• Your objective:
Omit the pictures and reproduce the rest of the listing exactly.

• Recorded data:
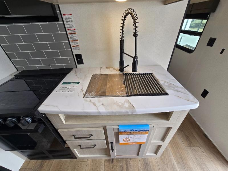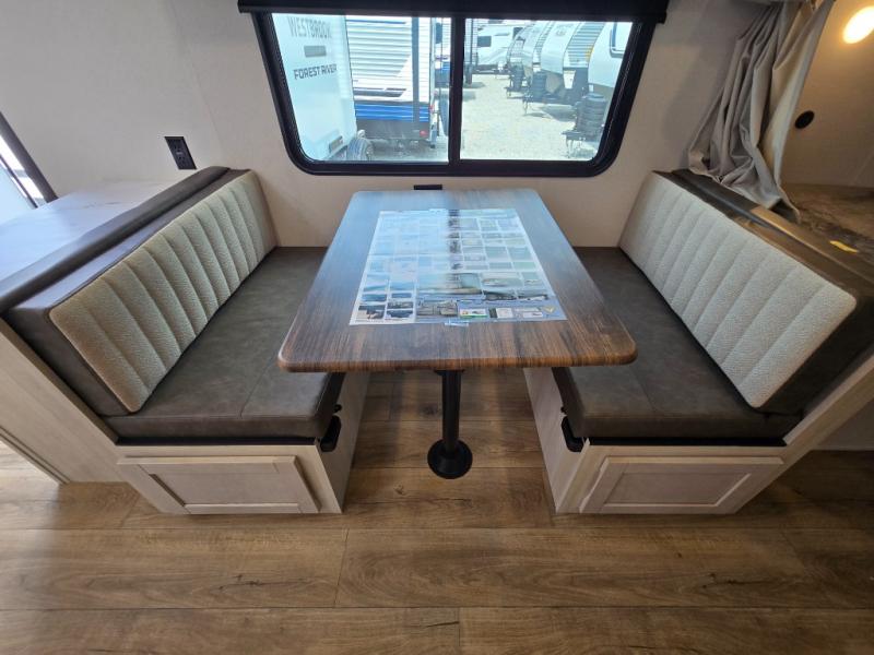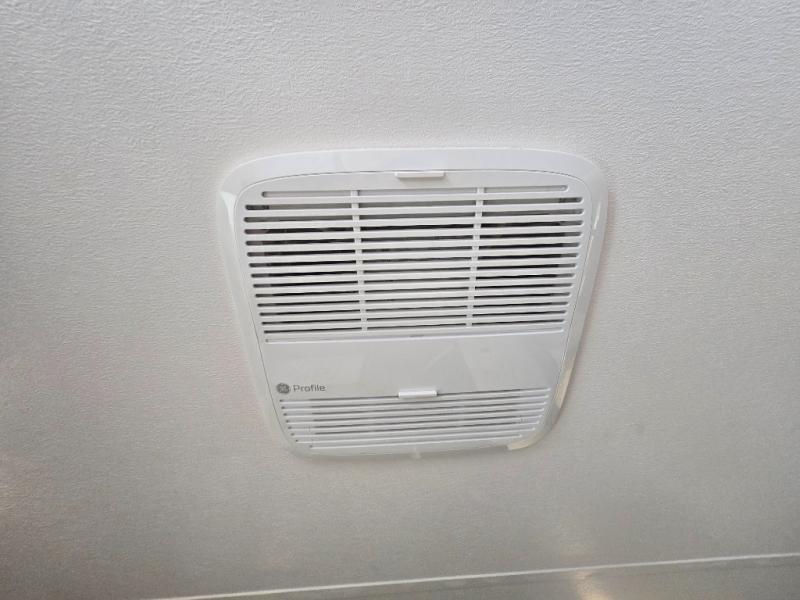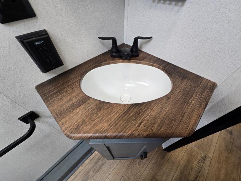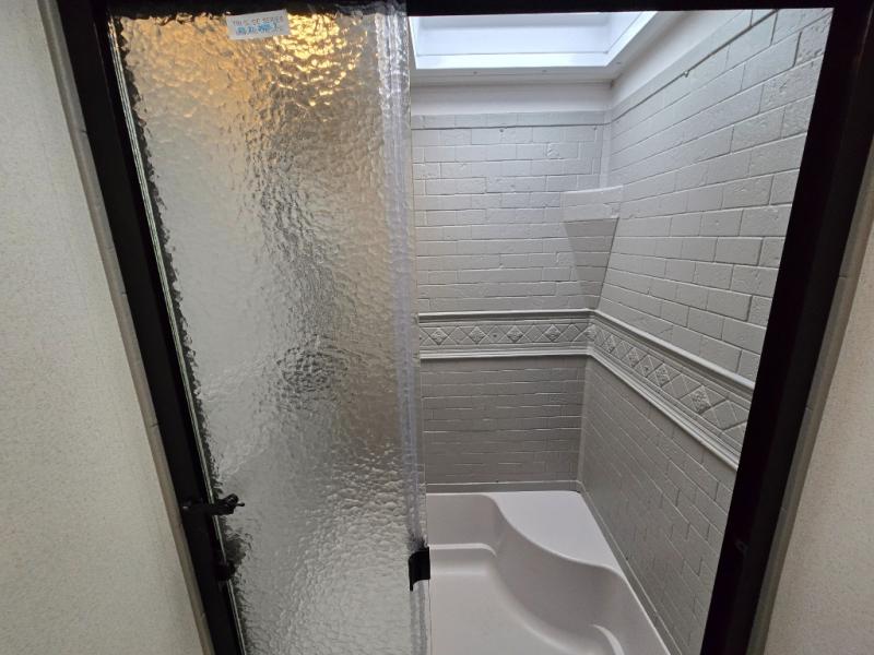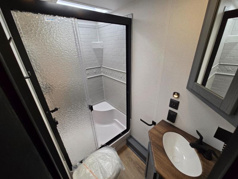 - Rear Corner Bathroom: The bathroom includes a spacious 32" x 40" shower with a seat, providing comfort and convenience while traveling.
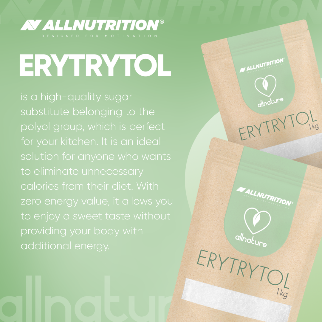 ALLNATURE ERYTRITOL is a high-quality sugar substitute belonging to the group of polyols, perfectly suited for your kitchen. It is an ideal solution for anyone who wants to eliminate unnecessary calories from their diet. Thanks to its zero energy value, it allows you to enjoy a sweet taste without providing additional energy to the body.
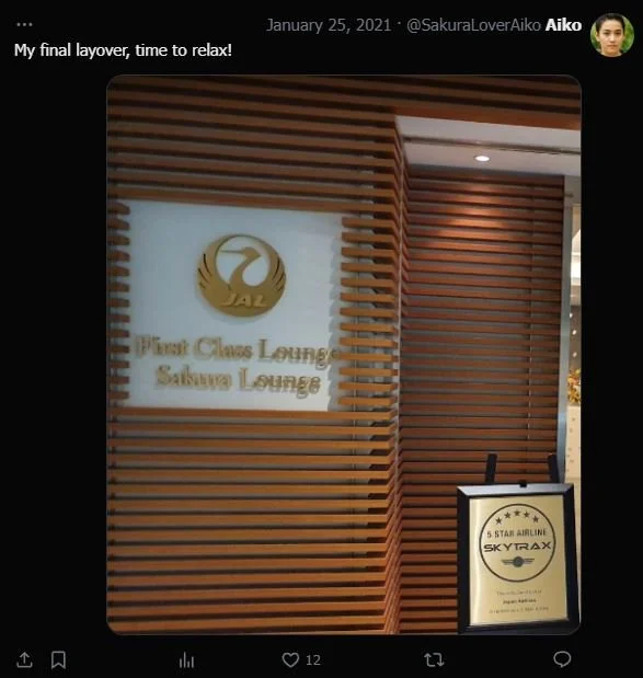 Next, we are asked where they stopped for a Layover. The attacker posted an image of the lounge they visited during they layover. So I could easily google for JAL’s First Class Lounge -Sakura Lounge. Through Jal’s website, I found that this lounge is located in Tokyo International Airport (Haneda)

• Output below:
 - Rear Corner Bathroom: The bathroom includes a spacious 32" x 40" shower with a seat, providing comfort and convenience while traveling.
 ALLNATURE ERYTRITOL is a high-quality sugar substitute belonging to the group of polyols, perfectly suited for your kitchen. It is an ideal solution for anyone who wants to eliminate unnecessary calories from their diet. Thanks to its zero energy value, it allows you to enjoy a sweet taste without providing additional energy to the body.
 Next, we are asked where they stopped for a Layover. The attacker posted an image of the lounge they visited during they layover. So I could easily google for JAL’s First Class Lounge -Sakura Lounge. Through Jal’s website, I found that this lounge is located in Tokyo International Airport (Haneda)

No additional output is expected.